Route-Level Carbon Footprint Assessment for Community-Based Tourism Management: A Case Study from Ban Boonjaem, Thailand
コミュニティベース観光管理のためのルートレベル炭素フットプリント評価:タイ・バンブーンジャムの事例研究 (AI 翻訳)
Piranun Juntapoon, Krit Sittivangkul, Amnuayporn Yaiying, Kassaraporn Tirawong, Parnprae C. Udomraksasup, Tiparad Sahatrongjit
🤖 gxceed AI 要約
日本語
本研究は、タイのコミュニティベース観光(CBT)ルートにおける炭素フットプリントのベースラインを開発した。6時間の旅程を機能単位とし、輸送、飲食、廃棄物を対象に、総排出量0.2234 tCO2e、一人当たり約11.2 kgCO2eを算出した。輸送が最大の排出源(55.89%)であり、低炭素CBT管理のための実践的な証拠を提供している。
English
This study develops a route-level carbon footprint baseline for a community-based tourism itinerary in Thailand. Using life-cycle-informed operational boundaries, it estimates total emissions of 0.2234 tCO2e (223.4 kgCO2e) for a six-hour trip, with transportation contributing 55.89% and food/beverage 38.55%. The findings offer practical decision-support for low-carbon tourism route redesign.
Unofficial AI-generated summary based on the public title and abstract. Not an official translation.
📝 gxceed 編集解説 — Why this matters
日本のGX文脈において
日本でもコミュニティベース観光の低炭素化が注目されており、本手法は地域独自の排出データに基づく観光ルート再設計に示唆を与える。ただし、日本の観光地ではSSBJ開示への直接的な接続は限定的。
In the global GX context
Community-based tourism is a growing sector worldwide, and this study provides a replicable methodology for carbon footprinting at the route level, which can support tourism decarbonization in line with UNWTO sustainability goals. It contributes to the broader need for sector-specific carbon accounting beyond corporate disclosure.
👥 読者別の含意
🔬研究者:This provides a case study of carbon footprint methodology applied to tourism, useful for researchers in sustainable tourism and carbon accounting.

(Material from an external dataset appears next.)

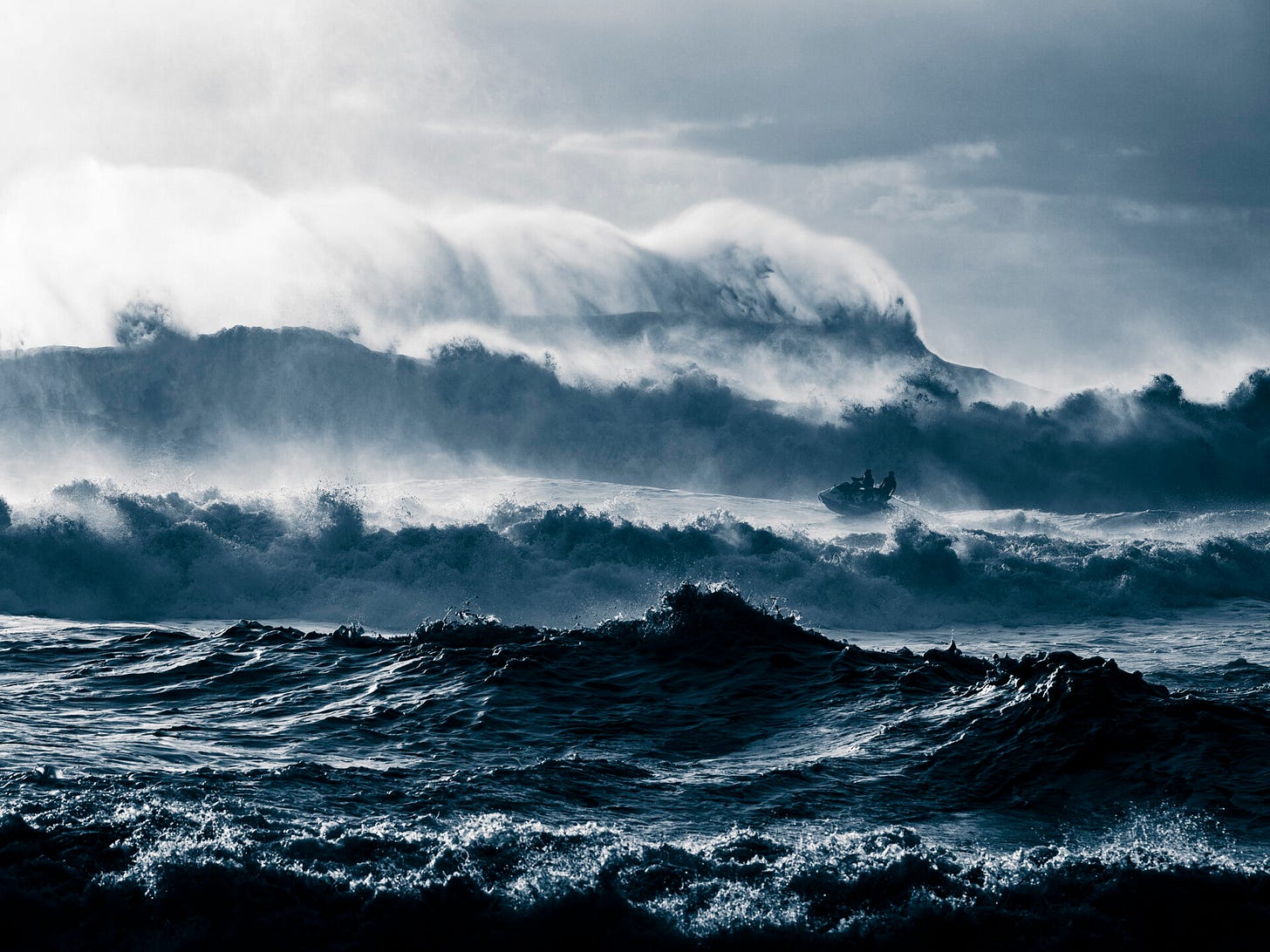 Un jet ski prins în tumultul Oceanului Atlantic în largul coastei portugheze, la Nazaré.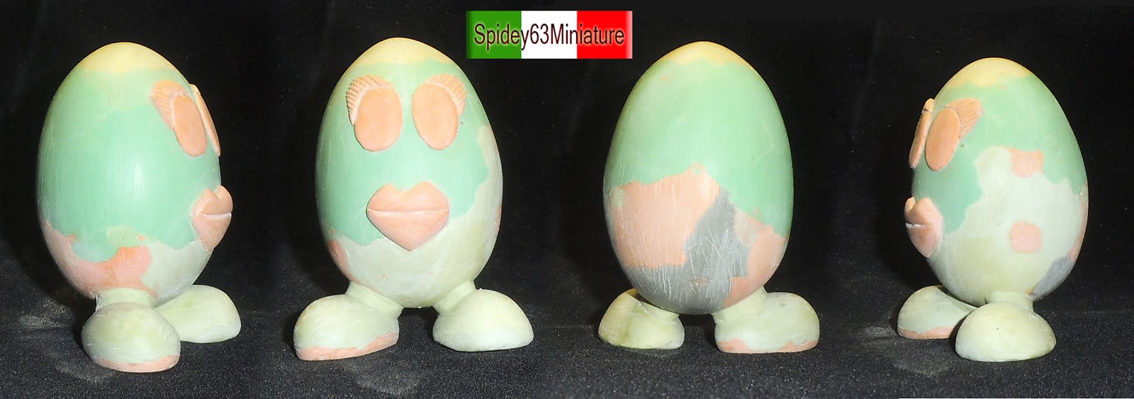 Ho realizzato Miss Egg rivestendo un pò alla volta una pallina di polistirolo con le rimanenze di stucco (milliput) che utilizzo per le mie sculture .

🏢実務担当者:Tourism operators can use the approach to identify emission hotspots (transport, food) and design low-carbon itineraries.
🏛政策担当者:Local tourism authorities can leverage this evidence to incentivize low-carbon route development and align with national climate targets.
📄 Abstract(原文)
Community-based tourism (CBT) destinations are increasingly expected to align visitor experiences with climate responsibility, yet local managers often lack product-level carbon evidence that can guide practical route redesign and service decisions. This study addresses this aggregation-to-action gap by developing a route-level carbon footprint baseline for a CBT itinerary in Ban Boonjaem, Phrae Province, Thailand. Using an exploratory and applied case study design, the study treats one completed six-hour, non-overnight itinerary as the functional unit and applies a life-cycle-informed operational boundary covering transportation, food and beverage consumption, and solid waste generated during the route test. Primary activity data were collected from one organized route test involving 20 Thai domestic volunteer tourists and were matched with relevant emission factors to estimate total and per-tourist emissions. The tested itinerary generated 0.2234 tCO2e, equivalent to 223.4 kgCO2e in total and approximately 11.2 kgCO2e per tourist per trip. Transportation was the largest emission domain, accounting for 55.89% of total route emissions, followed by food and beverage consumption at 38.55%, while waste contributed 5.56%. Together, transportation and food and beverage represented 94.44% of measured emissions, indicating that the route’s carbon profile was shaped mainly by mobility arrangements and service provisioning rather than waste generation alone. The study contributes a transparent, route-specific operational baseline for low-carbon CBT management. The findings should be interpreted as case-specific decision-support evidence rather than as a destination-wide carbon inventory or statistically generalizable estimate.